The Douglas Dolphin at Shanghai's Lunghwa Airport
The importance of the Kweichow/Kunming line faded after the Communist escape, and Chief Pilot Ernie Allison returned Moon Chin to Shanghai to fly the Douglas Dolphin on Route Three, between Shanghai and Canton. Powered by two Pratt & Whitney R-985 radial engines, each delivering 450 horsepower, the Dolphin had more power than it needed, making it unique among the seaplanes of the day. (Of all the airplanes Moon Chin flew during his career, the Douglas Dolphin is his favorite.)

The maiden flight of CNAC's first dolphin; over Shanghai in 1934 (Edward P. Howard photo)
The Dolphins' wings were skinned with plywood, and the nails tended to loosen with the impact of each water landing. One of Moon Chin's copilot duties was to nonchalantly walk along the wing top after each landing and use his boot heel to discretely shove the nails back into place.[i]
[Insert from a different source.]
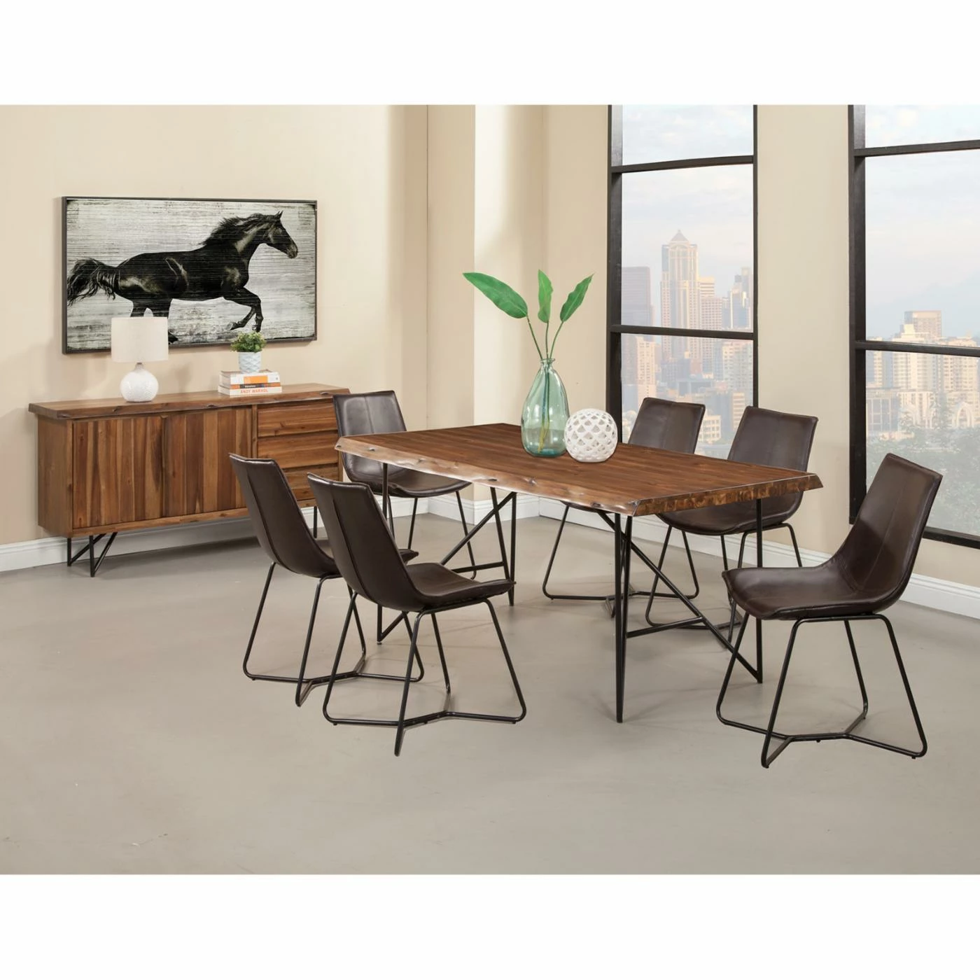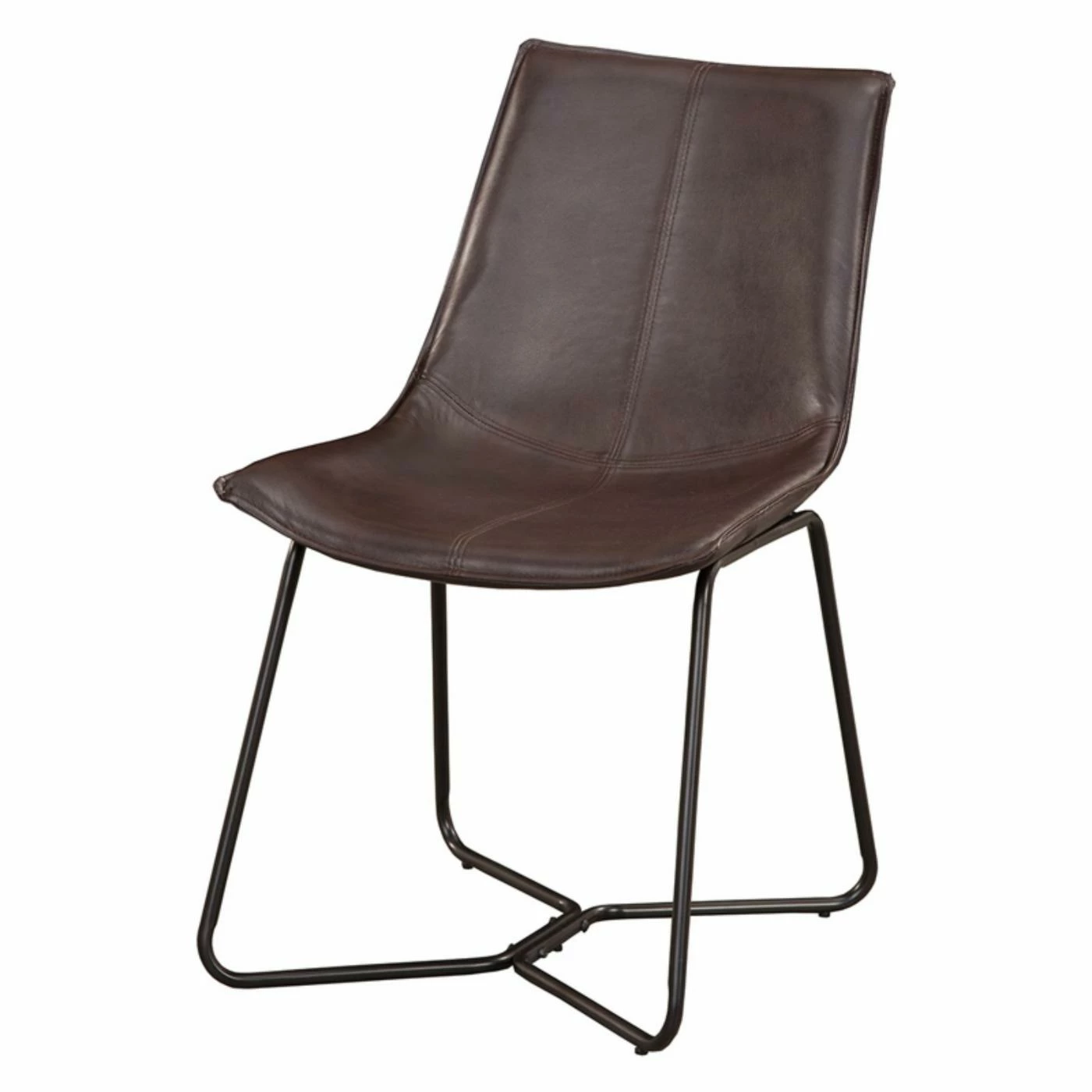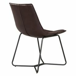 The luxe look of leather meets a streamlined silhouette with the Alpine Furniture Live Edge Bonded Leather Side Chairs – Set of 2. With a modern sensibility, these side chairs feature slender metal legs in a black finish. The curved seat is upholstered in dark brown bonded leather, complete with decorative stitching for visual interest.

The Dolphin's biggest flaw was that it had been designed without a water rudder, and Bixby wired Andre Priester, Pan Am's chief engineer, detailing the oversight and asking for a fix.
Priester cabled that the Douglas Corporation would design one for $2,500 U.S.
To hell with that, thought Bixby. He designed one himself on the back of an envelope, which worked fine, and all it cost C.N.A.C. was six Chinese dollars, including installation (worth about $2 U.S.).[ii]
Pan Am tried to lord it over its China subsidiary, but New York didn't seem to realize that the China flyers were pilots of extraordinary competence who accumulated vast quantities of experience in difficult conditions with little of the operational hand-holding available to pilots in the United States.
[i] Moon Chin's stories of the Douglas Dolphin: author's interviews with Moon Chin; Moon Chin Oral History, Louis A. Turpin Aviation Museum.
[ii] Bixby and the Dolphin's water rudder: 1957 interview with Harold Bixby, the Pan Am Archive, Box 20, Folder 1.
December 7, 2011
What #1 bestselling author James Bradley has to say about China's Wings
Yesterday was a big day. Working back and forth with my editors at Bantam, we closed the last detail. China's Wings is finished. Took seven and a half years to research, write, and edit – four to five YEARS longer than I originally anticipated — but it is at last finished and will be off to the printer after the New Year. Alea jacta est. I sincerely hope I've done CNAC's story justice.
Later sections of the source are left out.